Na'vi teen and tulkun whale swim together

5 Thoughts on Avatar: The Way of Water

 

1 . It was worth the wait.

It has been 13 years since Avatar was released. You can find no shortage of writing about how the world has changed since we last left Pandora, so I won’t do that here. I will say that this movie is better than Avatar. And I was happy to see it finally finished and released. It is a remarkable film on a technical level, a pretty good family drama, an incredible action film, and a great 3D theatrical experience. It is everything that you’d hope and much more.

 

2 . The digital imagery might as well be magic or alchemy at this point.

This movie will break your brain if you try to figure out which parts are real-world things and people, what is completely computer-generated, and what is real but digitally rendered. The result is completely seamless. I’ve never encountered this type of filmmaking done to this precise a level before. It has left the realm of “that looked cool but is clearly fake” and gone into the realm of “I have no idea if that is a real thing or pixels.”

 

3 . A water world that puts Waterworld to shame.

I’m a Waterworld (1995) apologist. I feel like the real-world sets, the real-world boats, the real-world stunts, all of that earnest and complex filmmaking more than makes up for the gaps in story logic and Costner’s emotionally subdued performance.

Avatar 2 has so many incredible water elements that stretch the possibilities of an ocean adventure.
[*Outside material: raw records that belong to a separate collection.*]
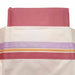 Il completo lenzuola Filari si presenta in due diverse colorazioni: verde-blu e rosa. Il lenzuolo con angoli è in tinta unita blu o rosa, in base alla variante scelta, mentre le federe e il lenzuolo di sopra sono caratterizzati da una balza con tessuto di due colori diversi applicato a mano.
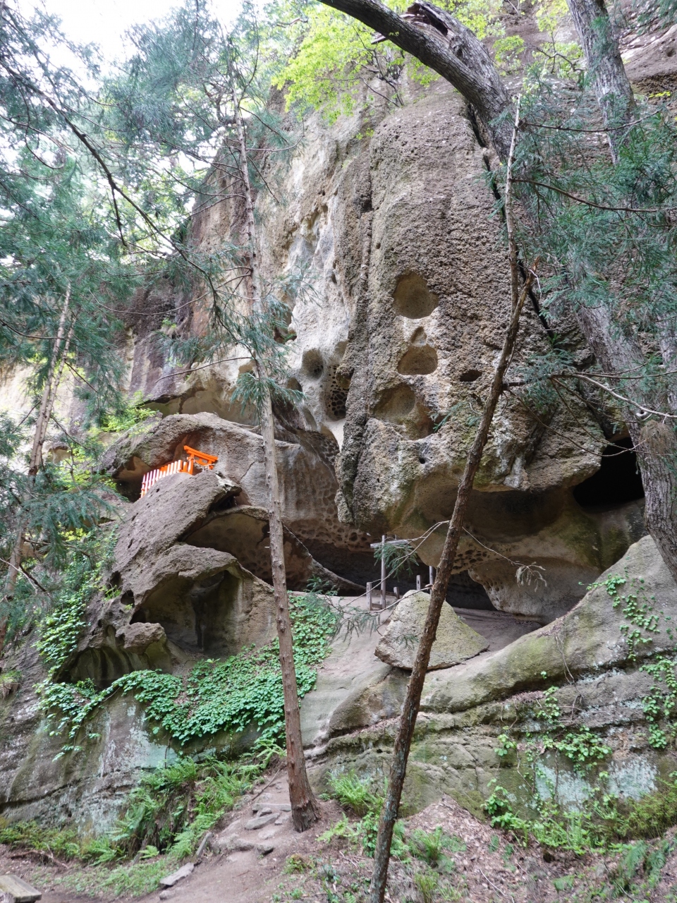 「山寺」のさらに奥地の“裏山寺”と呼ばれるエリアにある遺跡です。「立石寺 千手院」のすぐ近くから遊歩道が続いています。ハチの巣を想像させる奇岩とその近くに小さな赤い鳥居が並ぶ特徴的な光景が見られます。大正時代頃まではこのあたりで山伏が修業を行っていたというのが興味深いです。
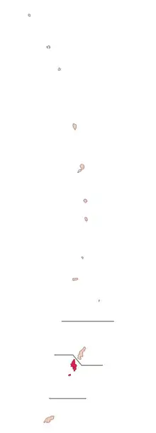 Tinian Municipality is one of the four constituent municipalities of the Northern Mariana Islands. It consists of the islands of Tinian and Aguijan and their offshore islets. The municipality is the second southernmost in the Northern Marianas and has a land area of 108.1 km2 (41.7 sq mi). The 2000 census population was 3,540 persons, all living on the island of Tinian (Aguijan is uninhabited). The municipal seat and main village of the island of Tinian is San Jose, situated on the southwest coast.[1]
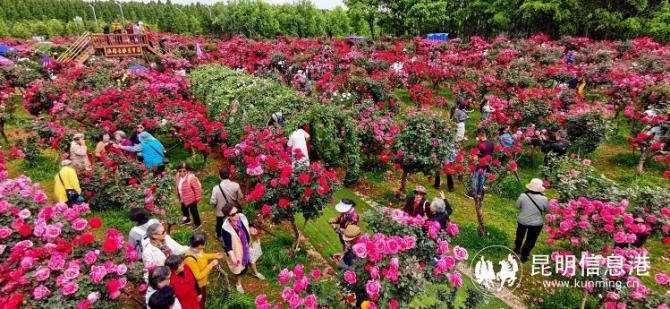 滇国古桩月季园与锦柏生态园相隔仅4公里路程,两个月季花园却是各具特点。滇国古桩月季园在占地仅10亩的土地上种植了1300多株古桩月季,还精心营造了天梯、鲜花拱门、花轿、月季花亭、十二生肖以及大象造型,堪称一个小而精致的月季花园。前来园内拍照赏花的游客带上了最美的衣裙,大家摩肩接踵地穿流于花海中,园中花团紧簇、花潮如海,而人潮也毫不逊色于花潮。

The creatures are fascinating, the whaling ship is amazing, the subs and crab mechs… there is so much to love here, and it is portrayed so beautifully.

 

4 . The Sully family are a great cast of characters.

Since the last film, Jake and Neytiri have had three kids biologically and have added up two orphans too. The kids are given more of the screentime than the parents in this film. I expected to hate that decision, as I didn’t want to watch a bunch of kids’ antics in a movie this long. But most of the kids are well-developed characters, and they are given interesting things to do. And the story may hit some obvious tropes (new kid in town struggling to make friends, etc.) but they still work because the world is so fantastical.

I must shout out Sigourney Weaver’s performance as the adopted daughter Kiri. She is the most mysterious of the Sully kids and Weaver gives a fun performance as a child totally overwhelmed by the wonder of the world around her.

 

5 . The movie doesn’t feel 3 hours, 12 minutes long… until it does.

The only thing I didn’t like about the movie is how laborious the ending action sequence becomes. It starts out exhilerating but gets into tired superhero territory as the characters fight in a setting that is simultaneously burning, sinking, and exploding. The movie doesn’t stay there long, but that was the only sequence of the entire film which overstayed its welcome. And the movie absolutely flew by before and after that sequence, so it could have been much worse.